Saturday, October 17, 2020

Check It Out

It seems as if every time I wonder if and why I should keep BGA Daily going I hear from someone who helps me remember why I'm still at it after 6,892 postings. Thanks!

When I first saw this "Past and Present" on Reddit, of all places, I wondered if I should use it. I guess I thought it was kind of, well, embarrassing? But as all of our teachers taught us, always go back to original sources and when I did that I found that it started on the Carolina Panthers' official Twitter page. That tells me former Dartmouth offensive lineman Matt Kaskey, who is hilariously funny, was in on the laughs:

The 1984 Dartmouth-Yale football game is available now on the Yale athletic channel HERE and which school uploaded it should be the first clue that if you are part of the Big Green faithful you might prefer to tune in to this afternoon's Woods Watch Party game pitting Dartmouth against Towson HERE.

That said, it's worth watching the intro to the Dartmouth-Yale game simply to see the piece they did on tailgating around Yale Bowl, without question the best tailgating scene in the Ivy League. It's also a chance to see a very young Sean McDonough as the sideline reporter.

And now, the unvarnished BGA Premium advance story about Dartmouth-Towson. Check back tomorrow for the game story.

Towson And Dartmouth Match Up In A Way Neither Expected

BGA Premium Oct. 15, 2017

HANOVER – Given that Dartmouth is moving away from playing scholarship programs like New Hampshire it is something of a head scratcher that the Big Green signed on to play another school from the same powerhouse conference. 

In one way, however, Saturday’s first-ever meeting between the commuter school of 22,000-plus students in the Baltimore suburbs and the Big Green seems like a result of Match.com or some other online dating site. Just imagine:

“Formerly promising Maryland college football team missing top two offensive players looking for game against college football team dealing with defensive injuries. Willing to travel."

Towson would be the team missing two top offensive performers.

Quarterback Morgan Mahalak, a four-star transfer from Oregon, looked like a pretty good pickup last spring for the Tigers, who had every offensive starter returning from a 7-4 team . . . except its signalcaller.

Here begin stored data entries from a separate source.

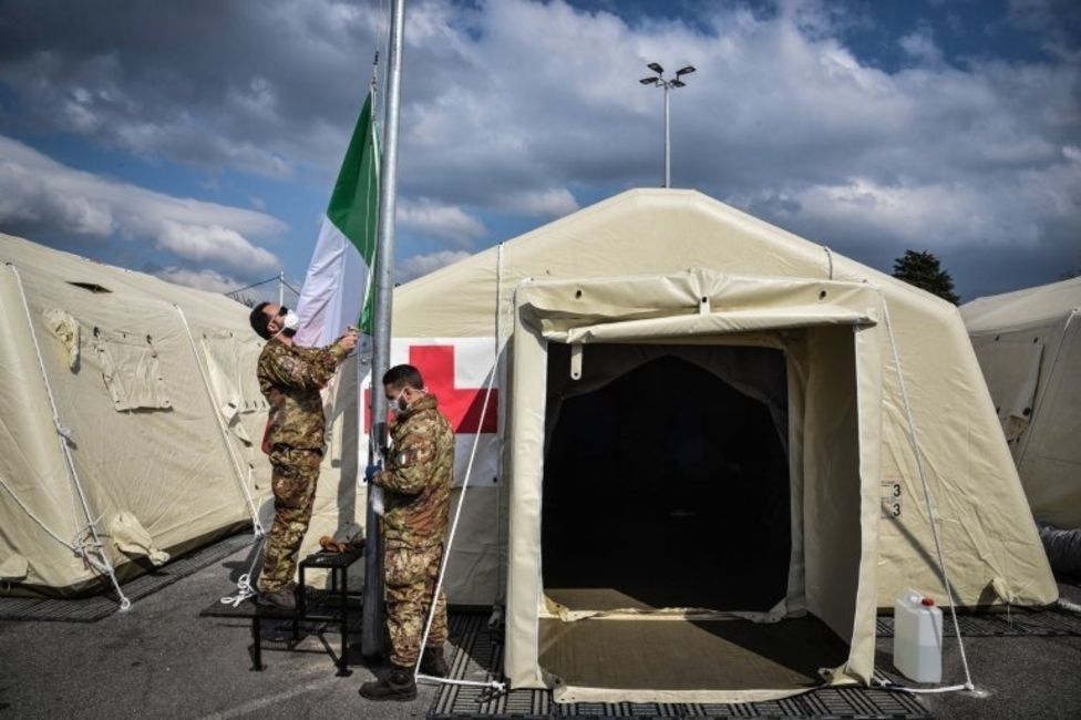 En Crema, Lombardía, el ejército instaló tiendas de campaña y 52 médicos que llegaron de Cuba ayudarán a los profesionales de la salud locales.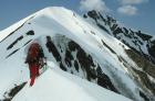 聖岳東尾根は南ア南部を代表するバリエーションルートで、大展望と高山性を秘め人気が高い。白蓬ノ頭2632mを越えるまで長いヤブが続くが、森林限界を超えると、尾根は聖沢(左)と赤石沢(右)にスッパリ切れ落ちナイフリッジが続く。白い浮雲が架かる三角錐の山が、奥聖岳2978m山頂だ。「沼津岳樺・沼津雲の峰山歩会」パーティ4人で聖岳東尾根〜赤石岳を縦走、二昔前の思いで深い山行の一つである。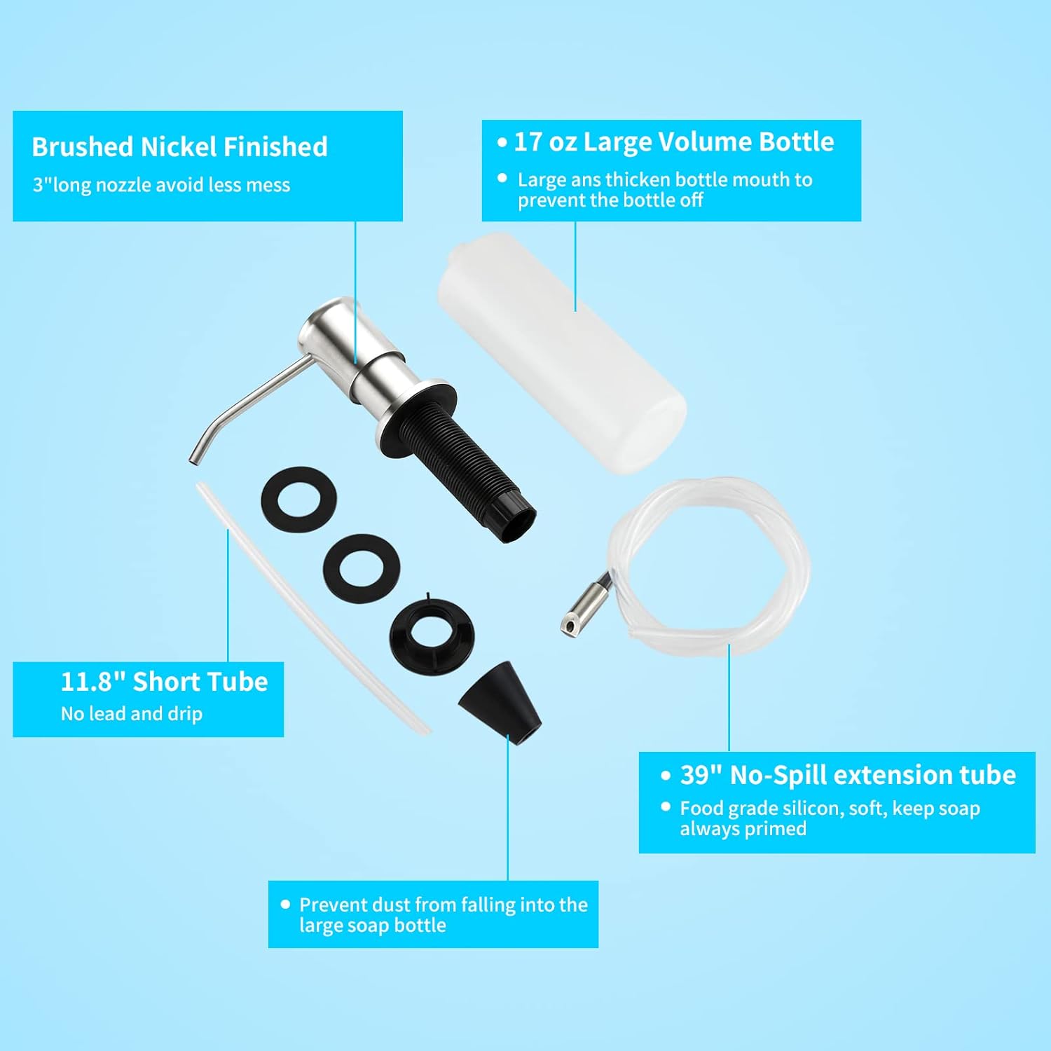 - ๐งใ NO MORE REFILL REQUENTLYใ The Countertop Soap Dispenser for kitchen sink comes with 17oz large volume bottle, it can be connected to bottle or extension tube,once filled, can last longer. The long nozzle of soap dispensers will make sure no soap will sprinkle on the sides of your sink. No more sticky and dirty areas. Your kitchen sink will look much more precious and clean.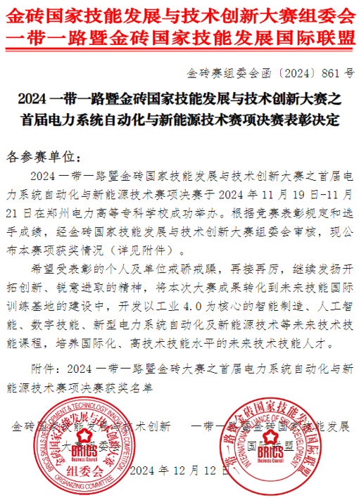 6.2024一带一路暨金砖国家技能发展与技术创新大赛之首届电力系统自动化与新能源技术赛项

But in just his second game after transferring down to the FCS level Mahalak injured his shoulder. He hasn’t played a down since, and isn’t on this week’s depth chart.

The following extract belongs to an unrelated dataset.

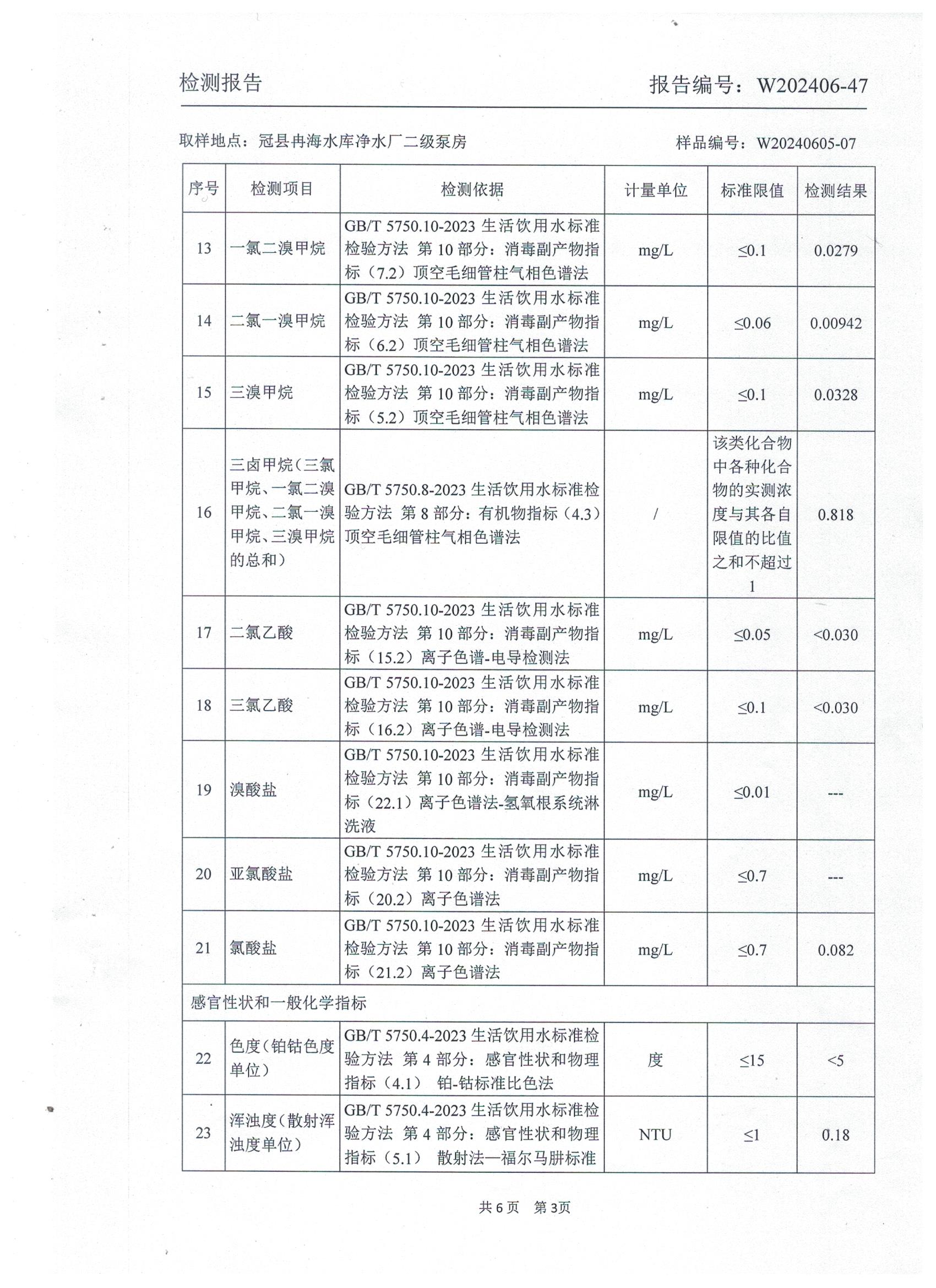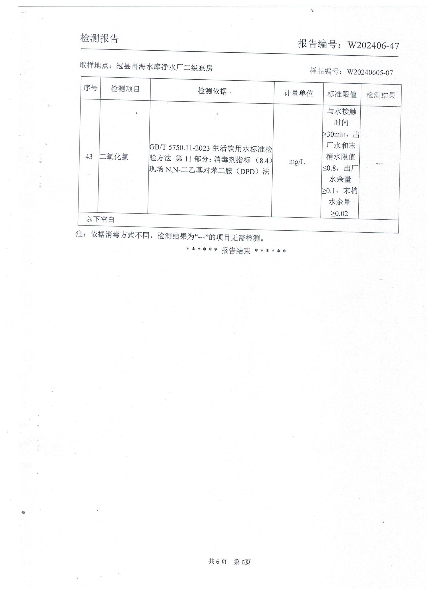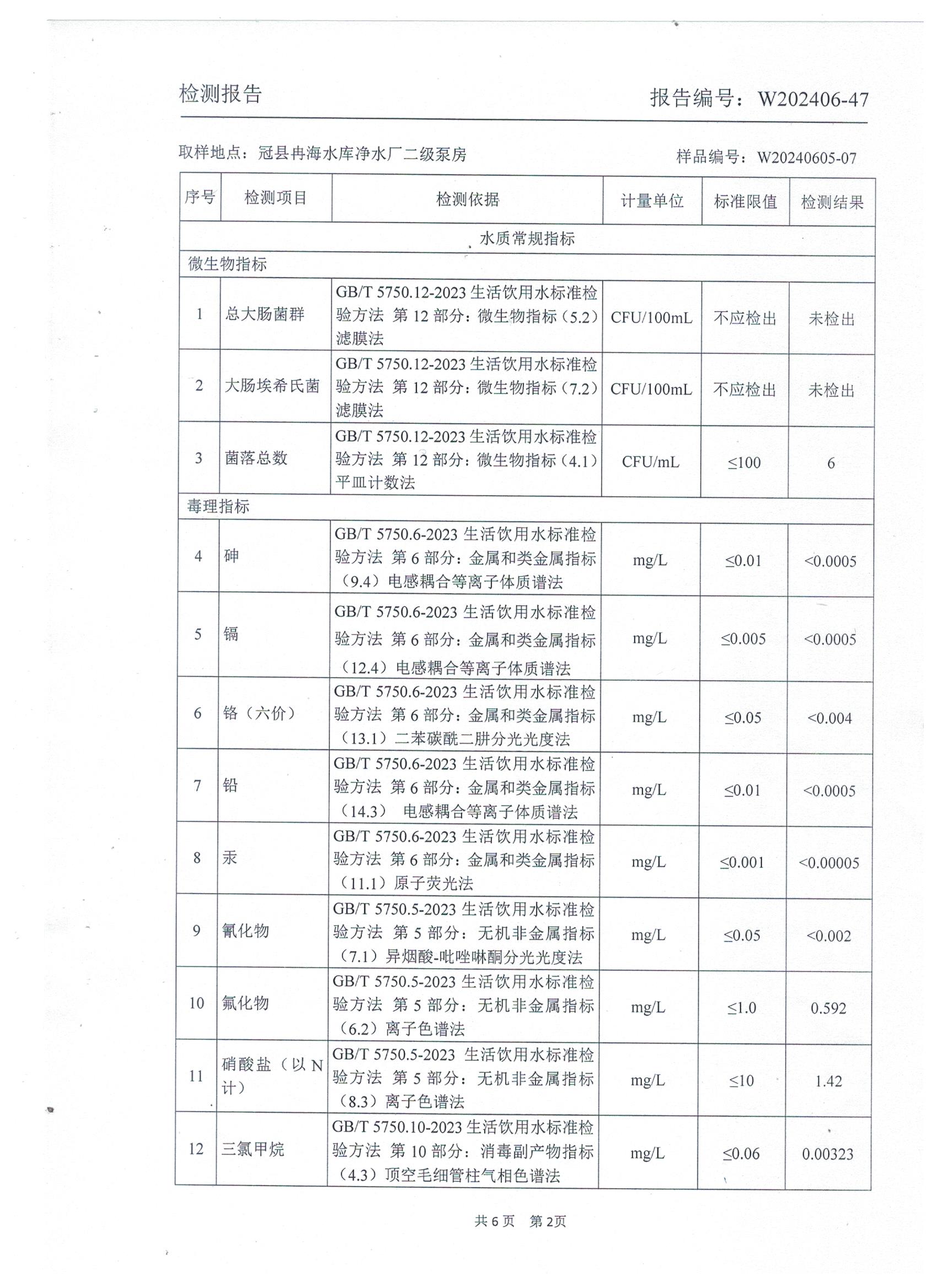 2024年6月城区出厂水水质检测报告

Towson also has lost Darius Victor, the standout 5-foot-8, 223-pound running back bidding for his third 1,000-yard season in a row. Victor ran for four touchdowns in a 31-28 loss to No. 6 Richmond two weeks ago, but missed last week’s loss to No. 27 Stony Brook and does not appear on this week’s depth chart.

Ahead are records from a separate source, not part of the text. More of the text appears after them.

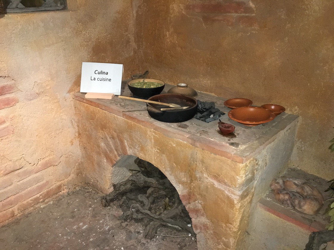 Une cuisine (culina), une salle à manger (triclinium) et des chambres à coucher (cubicula, au pluriel) complètent la reconstitution.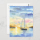 Sea at sunset. A cute yacht leaves the bay and goes to sea. The watercolor illustration was drawn and scanned. Watercolor Landscape made in the open air in 2024.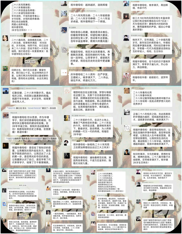 注:值此母校二十八岁生日之际,机电学子共聚云端送祝福。语言朴素,却饱含深情。形式不同,心意却相通。

While Towson has battled injuries on the offensive side, a tidal wave of injuries on the defensive side has hit Dartmouth. True, the Big Green has had more injuries on the offensive than it did a year ago, but it is the defensive side that has been hardest hit.

Starting corner Danny McManus and nickel Ky McKinney-Crudden have been lost for the season. Starting corner Darius George was hurt at Yale and is doubtful this week. Jackson Perry, expected to anchor the Big Green defensive line, went out early in the opener, hasn’t been back since and is still on crutches. Linemate Zach Husain missed last week and hasn’t practiced this week. There are more but you get the idea.

The up side for 2-2 Dartmouth, coach Buddy Teevens stressed this week, is that a lot of young players are getting time that will pay dividends over the next two or three years. The down side is that what looked like a young defense – and a young team – is trending  even younger.

As the season reaches the midway point, Teevens said, the Big Green is playing “young guys who are somewhat less experienced than we expected.” And those young guys, he added, are being backed up by “young guys that don’t have any experience.”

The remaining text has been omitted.